Мама поднимает глаза, и по их выражению я вижу, что она уже знает всё, что мне нужно, чтоб она знала. Хоть я ей и не рассказывала. Мамы из таких городков, как наш, всегда немного провидицы, а наша семья — тем более. Она даже не спрашивает, почему я дома.
— Чай готов, — говорит она.
— Чай — это хорошо, — говорит Дилан сзади.
— Бисквиты на противне.
Я пристраиваюсь к ней сбоку и ныряю ей под крыло. Перья там немного грубее, чем на верхней поверхности крыльев, более старые, изношенные, рабочие. Её шерсть пахнет кофе, теплым хлопком и старым офисным принтером. Глубоко вдыхаю, не тая это, — сейчас мне нужна близость. Гром бухает в окно. Где-то наверху дребезжат ставни, как не могли бы, будь окно закрыто.
— Миссис Эдвардс… — тихо говорю я.
— Да, милая, — говорит мама. Конечно, она знает. Наверное, ещё со среды.
— Она просит помочь, — говорю я ещё тише.
— Я и думала, что к чему-то такому она придёт, — говорит она со странной призрачной надеждой.
Дилан тяжело опускается на кухонный стул, который под ним кажется детским. Бессмысленно поднимает крышку чайника и заглядывает внутрь. Я беру мамин бисквит с противня — зубами, так как сейчас не доверяю своим копытам, и она делает вид, что не замечает.
— Тётя Сирин сможет помочь? Если мы попросим? — даже не знаю, на какой ответ я больше надеюсь. Но должна спросить.
Мама молчит достаточно долго, чтобы я поняла, что спросила больше, чем это прозвучало. Чайник затихает. Гроза прямо над нами. Свет в кухне мерцает, загорается снова, и просыпается компрессор холодильника. Мама переминается на копытах, гладит меня крылом по спине и склоняет голову к моей, её нос оказывается чуть выше линии моей гривы.
— Твоя тётя, — говорит она, — прекрасно умеет делать маленькие чудеса. Она может поддерживать жизнь в больной розе целое лето. Найти траву от желудочных колик, когда медицина отказывает. Если у кобылки трудные роды, лучше будет, если она рядом, хотя она будет жаловаться и не понимать, зачем её позвали. Но, Роуэн, милая, рак поджелудочной — это не роза.
— Я знаю, — шепчу я.
— Но ты всё равно хочешь, чтобы я ей позвонила, — говорит мама.
— Я хочу… я не могу прийти в её кабинет и сказать «Извините». Я хочу сказать «Может быть». И это «Может быть» мне сейчас очень нужно, чтобы сходить к ней.
— «Может быть» стоят дороже, чем кажется, — говорит мама тем тоном, которым она обычно говорит, когда ты поймёшь её слова только лет через десять. — Но хорошо. Я позвоню ей сегодня. Посмотрим, что она скажет.

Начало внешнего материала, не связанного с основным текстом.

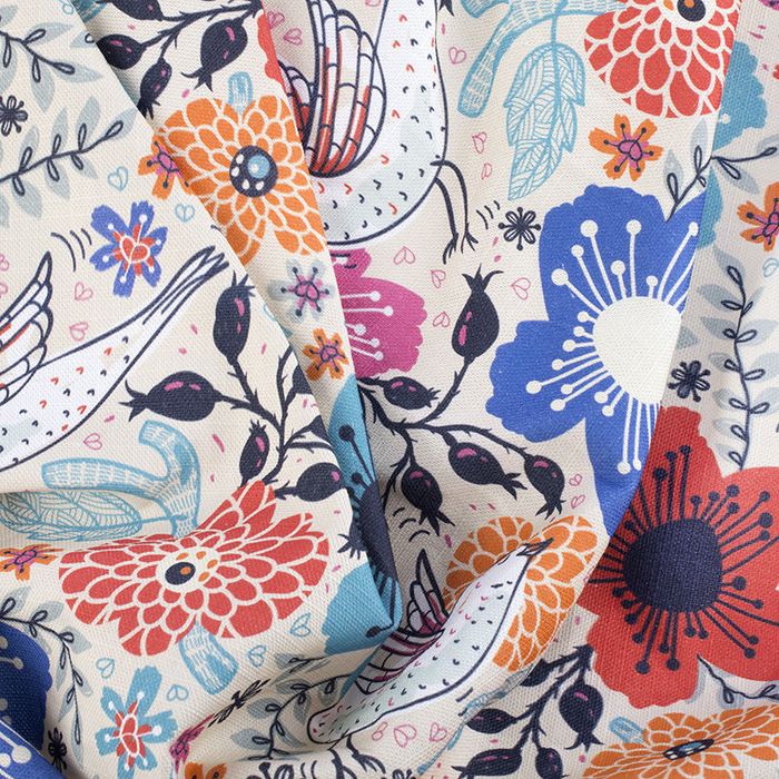 Lightweight bright white cotton, with crisscross texture. Sharp and defined pigment print with bright colors and deep blacks, working well with the classic slub texture. Uses: Garments like shirts, dresses, light jackets, and homeware items such as tablecloths, napkins, tea towels, bedding.

Телефонная связь в Шотландии теперь так себе. С тех пор как стало очевидно, что Шотландия де-факто отдельная страна — край, который подходит единорогам куда больше, чем всем прочим, а магии больше, чем технике, — множество северных деревень полагаются только на проводные линии и на станцию, которую мама посещала во время рабочего обучения. Дозвониться можно. С пары-тройки попыток, и придётся поорать.
— Спасибо, — говорю я, и мой голос звучит фальшиво.
— Не за что, — отвечает она, потому что когда её благодарят за работу матери, она обижается. Она утыкается в меня носом снова, а затем делает то, что всегда, всегда меня успокаивало: тихо-тихо, почти не дыша, напевает мне колыбельную, так что Дилан не слышит.
Снаружи раскалывается небо. Дождь налетает, как будто в окно бросили серую простыню, затем другую, грохот разносится над шиферными крышами Мидоу-Стрит. Я вздрагиваю — один раз — и перестаю. Дождь уже здесь. Из предчувствия он стал реальным, а значит, совсем не так страшен.
Когда я допиваю свой чай, а Дилан — свой, я минуту просто сижу на стуле у окна и смотрю, как переполняются стоки. Чей-то кроссовок плывёт вдоль дренажной канавки и застревает в водостоке. Он решил поплыть по течению, и теперь его не найдут.
Дилан выходит, натянув куртку на голову как бесполезное подобие зонтика, обернувшись, чтобы улыбнуться мне, и добегает до своего минивэна. Он садится внутрь и не торопится завести мотор, — потому что он умён и ждёт, когда худшая часть дождя закончится и можно будет хоть немного видеть дорогу. Индикаторы горят жёлтым сквозь лобовое стекло. На секунду мне кажется, что он смотрит на меня. Нет. Он медленно выезжает, избегая глубоких луж, большой человек в маленькой машине, с головой, полной всего, что он мне так и не сказал.
Я клянусь себе, так тихо, чтобы гроза не услышала.
Я помогу мистеру Эдвардсу. Понятия не имею, как. Но я это сделаю.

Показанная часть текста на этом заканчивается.